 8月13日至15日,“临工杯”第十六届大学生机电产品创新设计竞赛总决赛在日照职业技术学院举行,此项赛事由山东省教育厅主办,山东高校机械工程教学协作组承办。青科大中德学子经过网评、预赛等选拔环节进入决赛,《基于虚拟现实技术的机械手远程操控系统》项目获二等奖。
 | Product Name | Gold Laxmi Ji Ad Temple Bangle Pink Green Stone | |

---

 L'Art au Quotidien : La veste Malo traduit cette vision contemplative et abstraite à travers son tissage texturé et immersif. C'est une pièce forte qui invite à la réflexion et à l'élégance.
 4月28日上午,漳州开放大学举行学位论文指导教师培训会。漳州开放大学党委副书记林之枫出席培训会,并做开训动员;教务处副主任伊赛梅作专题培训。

...

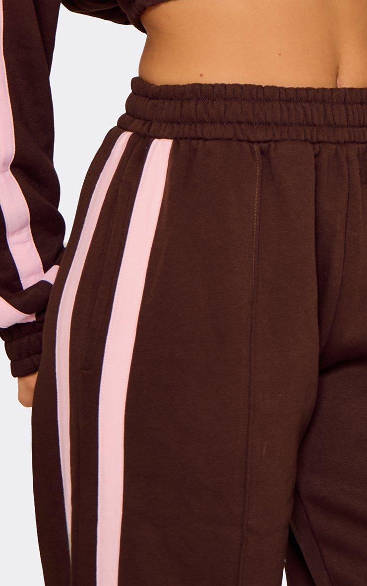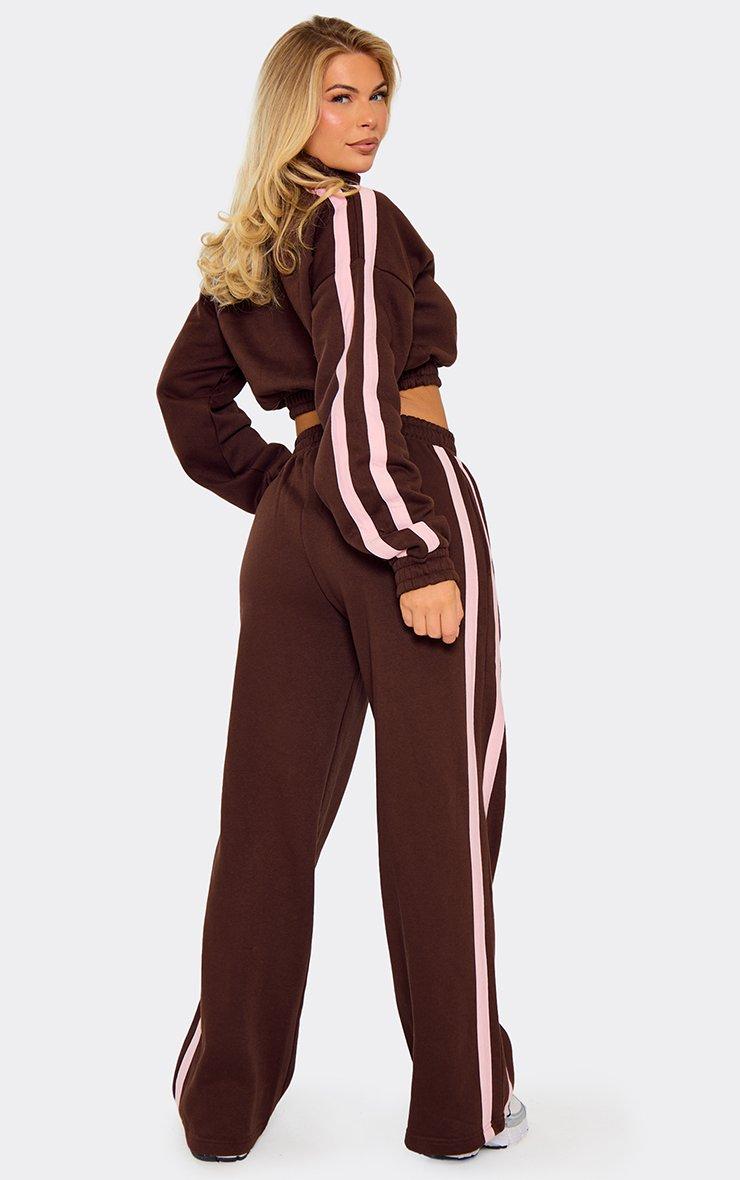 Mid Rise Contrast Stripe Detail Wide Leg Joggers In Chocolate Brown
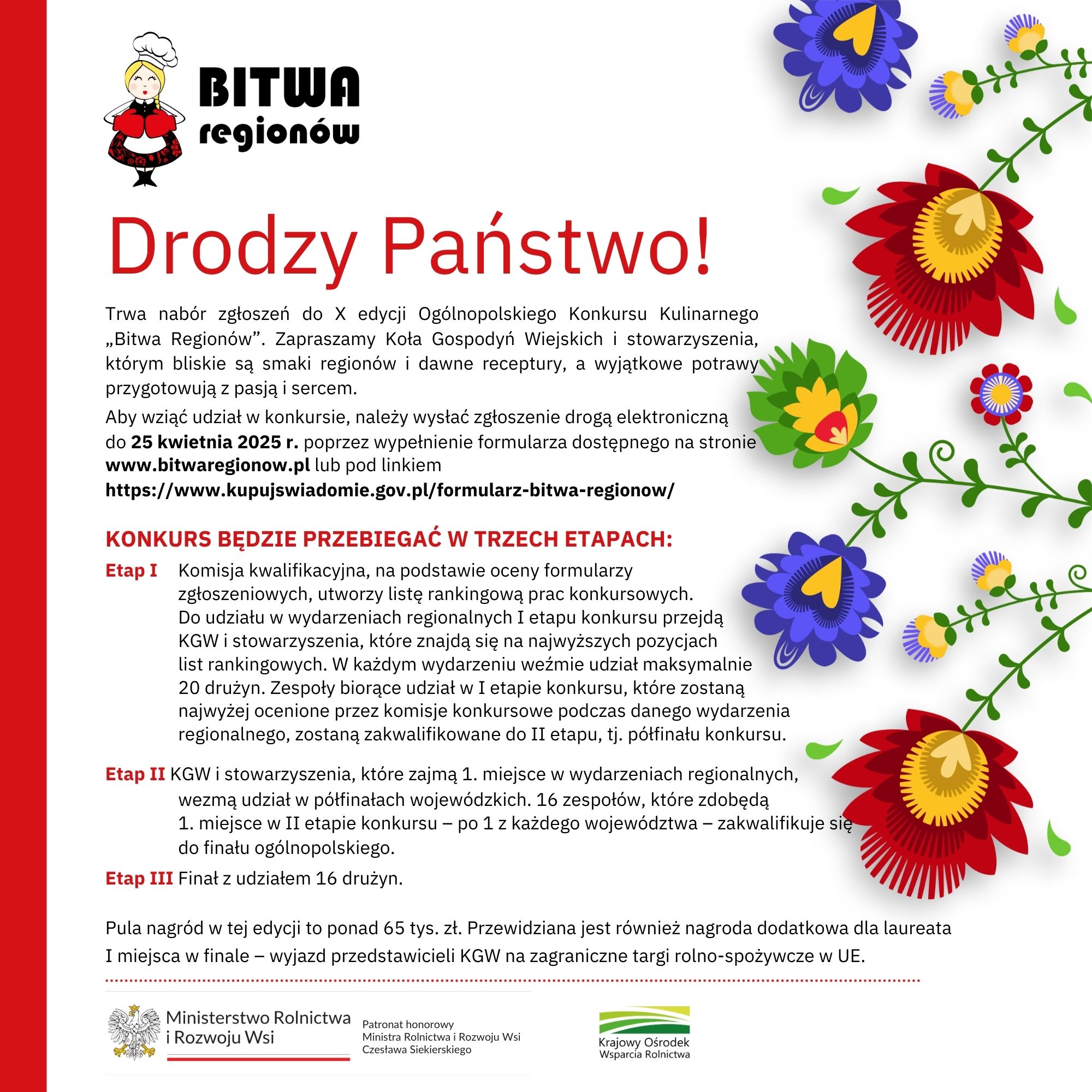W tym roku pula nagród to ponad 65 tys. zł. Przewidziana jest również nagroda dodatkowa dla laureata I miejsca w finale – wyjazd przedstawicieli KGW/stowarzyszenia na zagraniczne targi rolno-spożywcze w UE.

Directions for this task
Start with the line with "Mid Rise Contrast" in the listing above and stop after the line with "W tym roku pula". Write out exactly the lines in that stretch and no others, without pictures.

Answer to this problem
 Mid Rise Contrast Stripe Detail Wide Leg Joggers In Chocolate Brown
W tym roku pula nagród to ponad 65 tys. zł. Przewidziana jest również nagroda dodatkowa dla laureata I miejsca w finale – wyjazd przedstawicieli KGW/stowarzyszenia na zagraniczne targi rolno-spożywcze w UE.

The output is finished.